- **Given records**
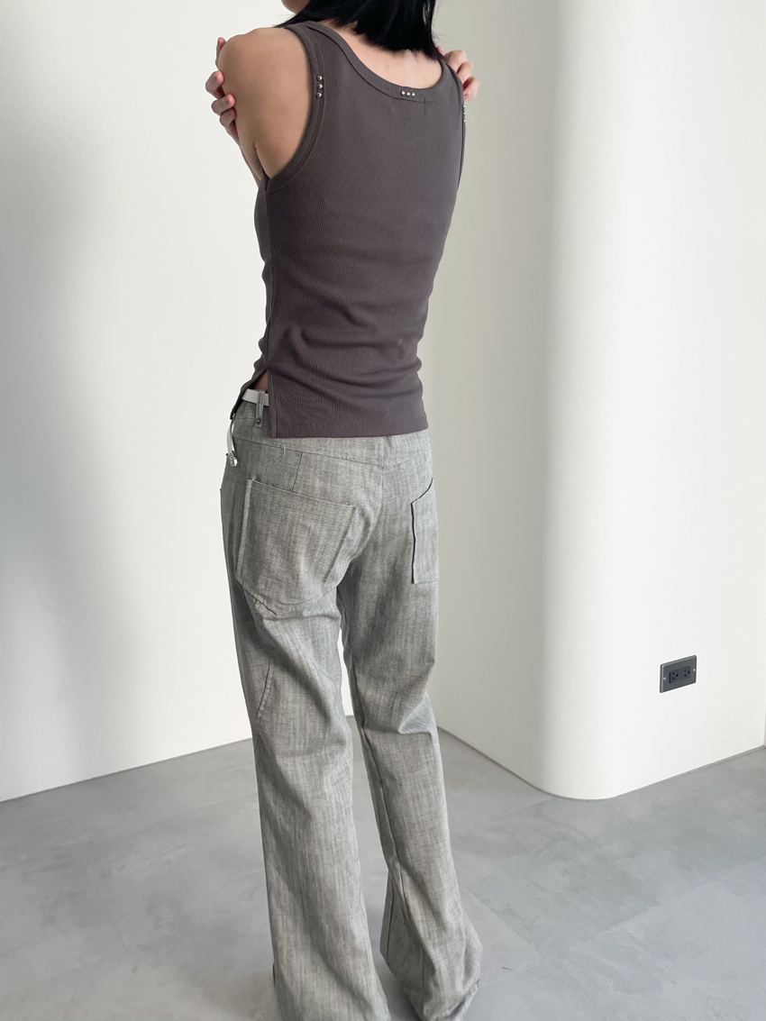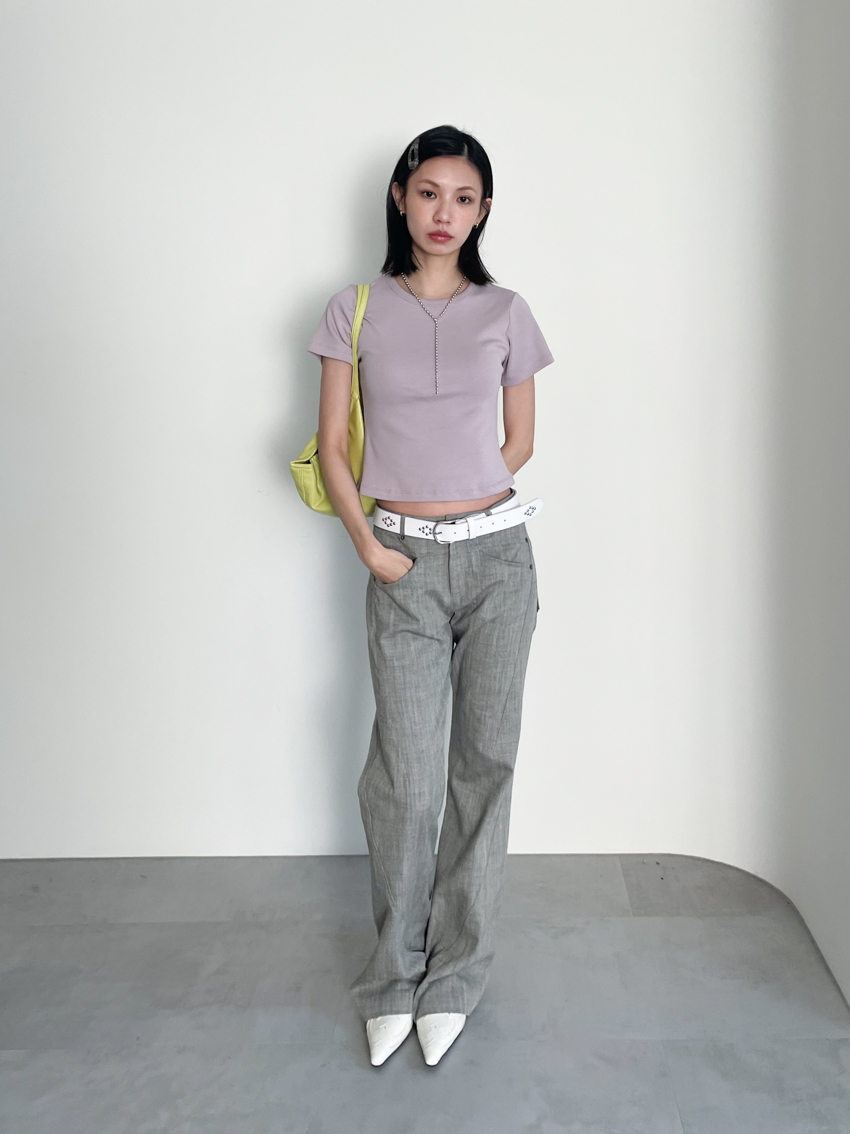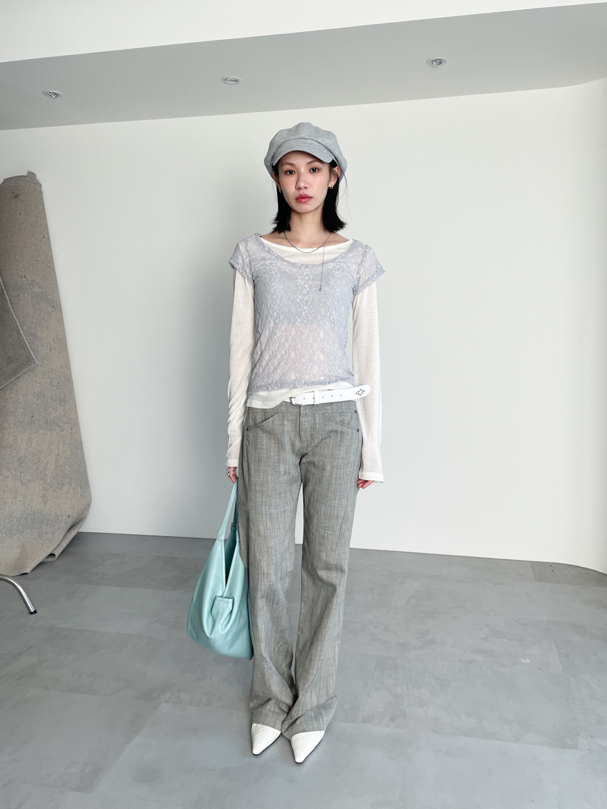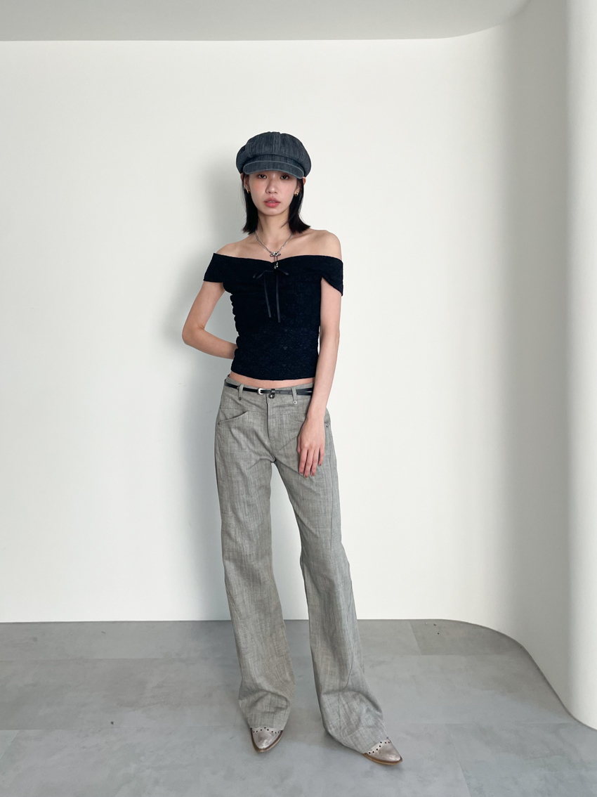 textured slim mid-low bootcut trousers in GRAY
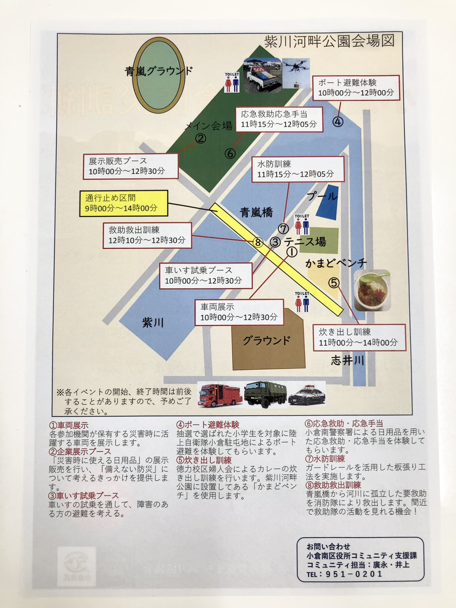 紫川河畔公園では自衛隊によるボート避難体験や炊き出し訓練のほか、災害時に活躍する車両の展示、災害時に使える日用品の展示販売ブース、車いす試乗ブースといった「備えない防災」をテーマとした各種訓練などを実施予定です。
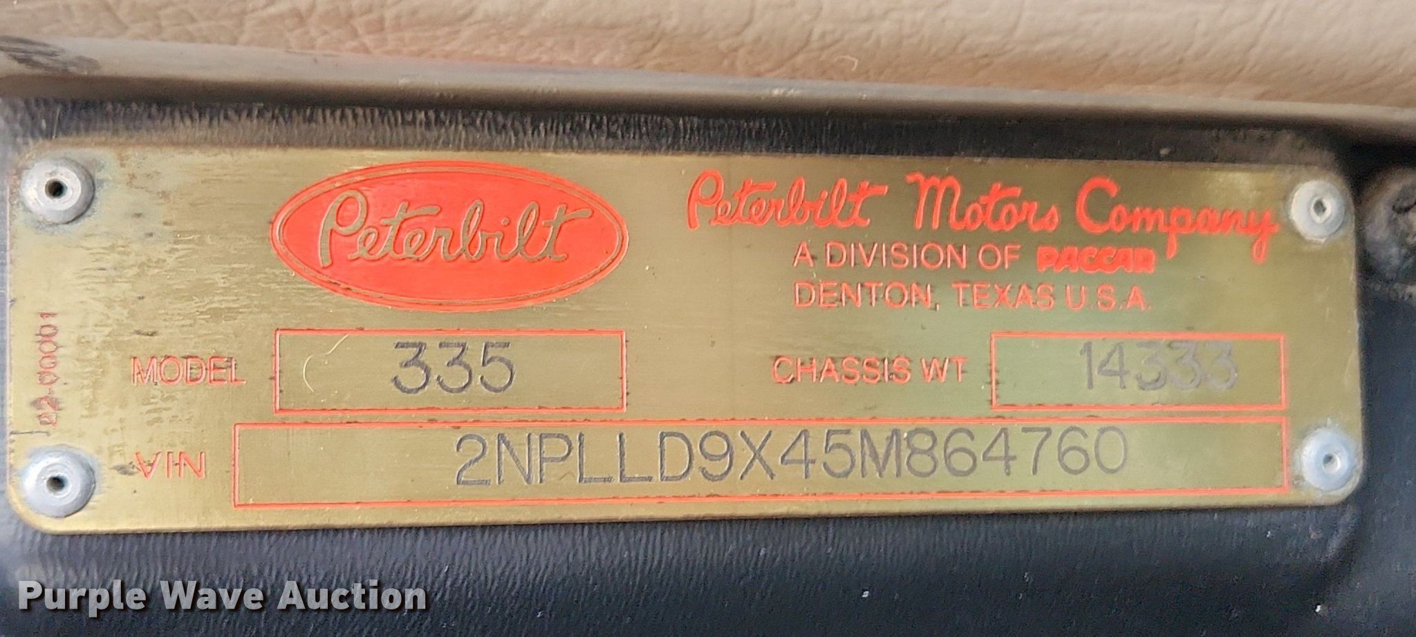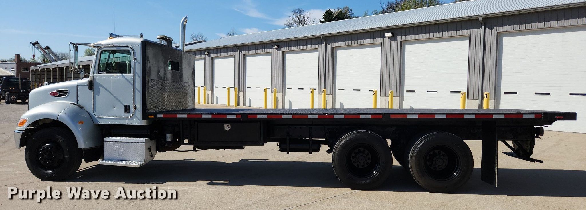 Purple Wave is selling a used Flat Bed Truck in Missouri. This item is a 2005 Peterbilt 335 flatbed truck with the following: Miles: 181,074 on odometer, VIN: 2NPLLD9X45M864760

...

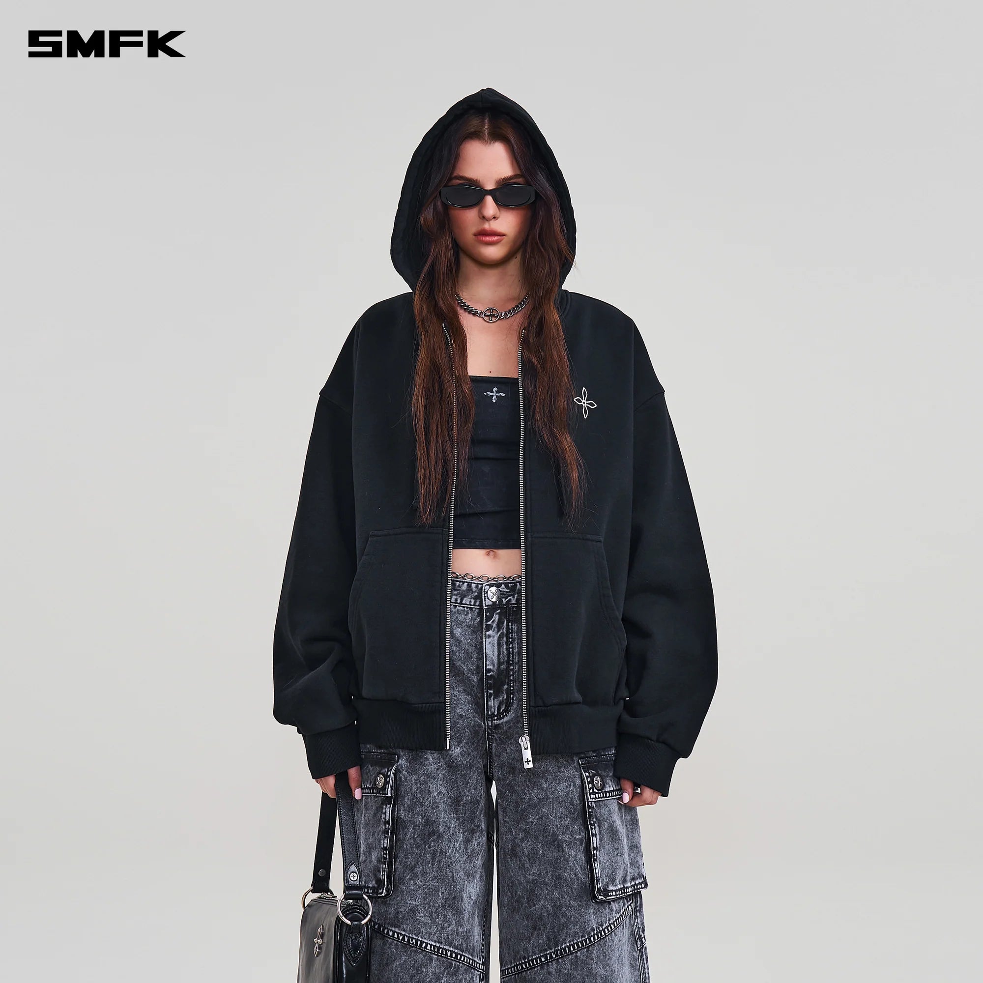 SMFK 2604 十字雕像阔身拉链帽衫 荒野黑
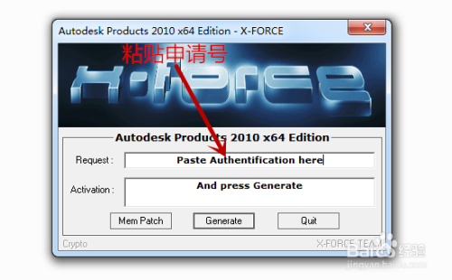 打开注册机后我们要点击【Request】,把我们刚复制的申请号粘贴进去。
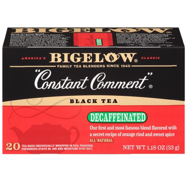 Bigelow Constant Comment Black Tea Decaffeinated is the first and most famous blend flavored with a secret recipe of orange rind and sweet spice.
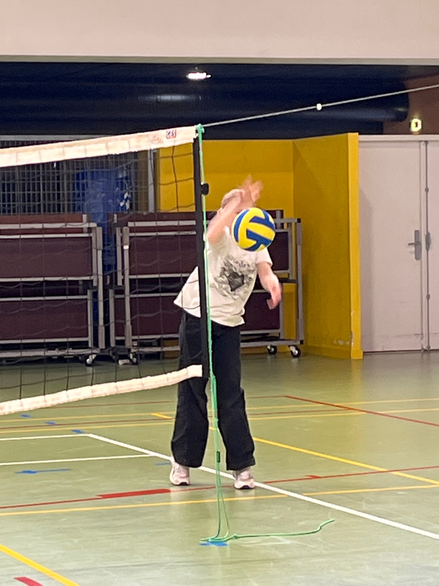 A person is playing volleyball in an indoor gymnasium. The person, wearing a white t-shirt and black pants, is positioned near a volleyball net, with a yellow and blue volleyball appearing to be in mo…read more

--

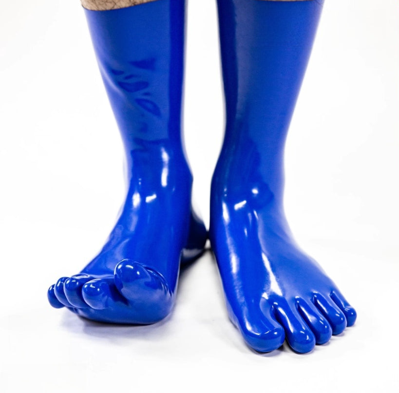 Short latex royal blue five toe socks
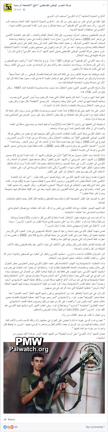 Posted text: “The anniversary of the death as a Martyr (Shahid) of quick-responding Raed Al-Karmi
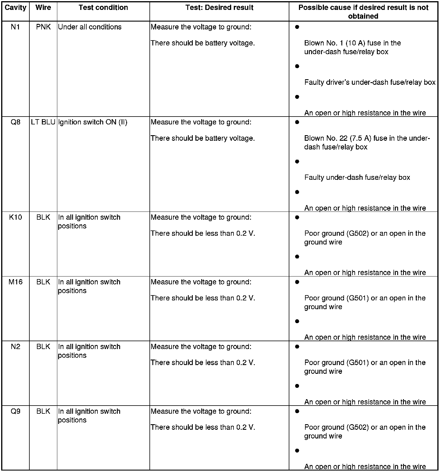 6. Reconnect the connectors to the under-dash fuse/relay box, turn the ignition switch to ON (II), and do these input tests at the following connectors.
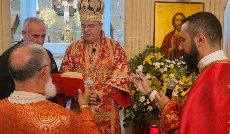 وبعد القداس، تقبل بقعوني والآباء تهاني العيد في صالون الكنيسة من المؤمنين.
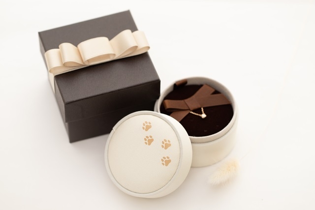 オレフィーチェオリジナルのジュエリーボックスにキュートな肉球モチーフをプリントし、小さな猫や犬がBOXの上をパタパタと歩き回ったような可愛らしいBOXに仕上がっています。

- **Work to be completed**
In the records above, find the line with "Bigelow Constant Comment" and the line with "A person is". Write out exactly those lines and every one between, with no pictures and no other lines.

- **Answer area**
 Bigelow Constant Comment Black Tea Decaffeinated is the first and most famous blend flavored with a secret recipe of orange rind and sweet spice.
 A person is playing volleyball in an indoor gymnasium. The person, wearing a white t-shirt and black pants, is positioned near a volleyball net, with a yellow and blue volleyball appearing to be in mo…read more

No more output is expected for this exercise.